A partir de 1925, os trabalhos com trigo em Alfredo Chaves ficaram sob responsabilidade do geneticista sueco Iwar Beckman. Sem dúvida, Beckman foi um dos expoentes no melhoramento genético de trigo no Brasil. Iniciou as primeiras hibridações com trigo no país. Nos seus cruzamentos usou a variedade de trigo Polyssú (originada a partir de trigo cultivado em Guaporé, RS, que foi adquirido pelo engenheiro químico Jorge Polyssú, natural da Argélia, para cultivo em Piraquara, PR, em 1914), que se destacava entre os materiais cultivados em Alfredo Chaves, pela resistência a um mal que mais tarde se chamou "crestamento".

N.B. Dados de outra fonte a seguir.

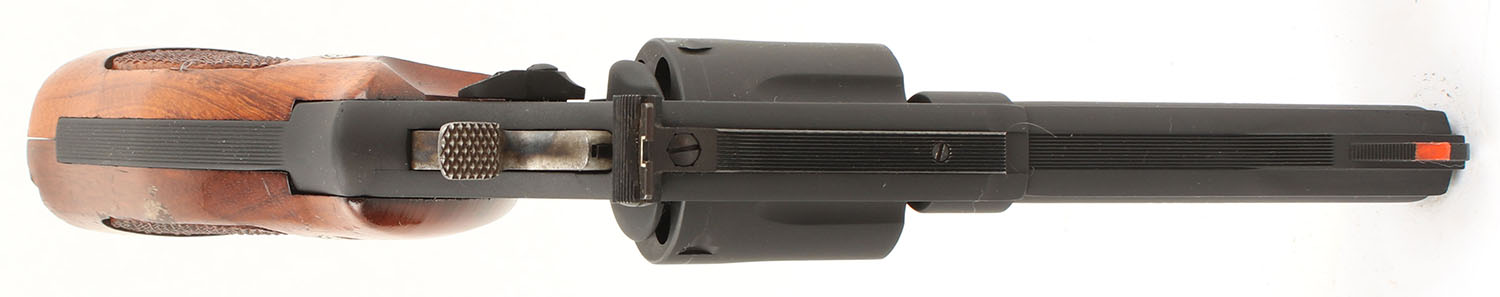 Smith & Wesson, Model 586-1 ''Distinguished Combat Magnum'', CAL: 357 MAG, MFG: 1986-99, SN: AUV6804, DA/SA Revolver, 4'' Barrel. The factory checkered wood grips with ''S&W'' medallions are very good, near excellent, with some handling wear & small dings & surface scratches throughout. There are also a couple of edge chips throughout & a splintered section near the edge of the checkering. The metal carries what appears to be a non-factory professionally applied parkerized finish. The finish is excellent with a drag line & light use wear. All of the standard markings around the gun are slightly faded from the Parkerizing process but still visible & legible. Bore is excellent, bright with strong rifling. Mechanically solid, seems to function well. The barrel holds a fixed front sight with a red plastic insert. A windage & elevation adjustable rear sight with a white square ''U'' notch is mounted to the top of the frame. Comes with a Smith & Wesson factory cardboard box for a 586 with a non matching serial number & other packing material. FFL or C&R Req - Value: 500 to 1000

Os trabalhos com trigo conduzidos por Beckman em Alfredo Chaves (Veranópolis) tiveram continuidade, a partir de 1929, na estação experimental de Bagé. Da estação de Bagé saiu aquela que pode ser considerada a melhor variedade criada por Beckman, tendo obtido grande expressão na triticultura brasileira: Frontana, lançada em 1943.

O sucesso da triticultura no Brasil foi alcançado, sem dúvida, no primeiro momento, graças ao desenvolvimento de variedades resistentes ao alumínio, presente na maioria dos nossos solos. Este mal, que, nos anos 20, levou Iwar Beckman achar que era causado por nematóides (Heterodera schachti) foi desvendado por Benedito de Oliveira Paiva, nos anos 40, que atribuiu o chamado problema de crestamento à acidez do solo (pH baixo). Todavia o problema foi de fato resolvido pelo professor José Emílio Araújo, da Faculdade de Agronomia Eliseu Maciel, Pelotas, RS, que em trabalhos do final dos anos 40 e início dos 50 comprovou que o mesmo era causado pelo alumínio trocável presente no solo. E a partir da herança da resistência ao crestamento, que se mostrou dominante, foi reorientado o melhoramento genético de trigo no Brasil, tornando seu cultivo viável nos solos que Borlaug, em 1953, não acreditou que seria possível, durante a sua vida.

Depois dessa fase inicial, que a pesquisa científica aplicada na cultura de trigo mostrou a sua capacidade de resolver grandes entraves na agricultura, vieram novas variedades incorporando, além da resistência ao alumínio, resistência às doenças, novo porte de planta capaz de suportar adubação nitrogenada sem acamar, alto potencial de rendimento de grãos com características de qualidade para diferentes fins etc., colocando a triticultura brasileira no mesmo nível de outros países produtores.

Isto posto, fica a lição de que se alguém que mereceu o Prêmio Nobel admite que errou, e muito, em relação à capacidade de produção de trigo no Brasil, só pode ser por razões que a própria razão desconhece, que há pessoas que não acreditam na viabilidade dessa cultura no país. E isso que se planta trigo por essas bandas faz quase 500 anos.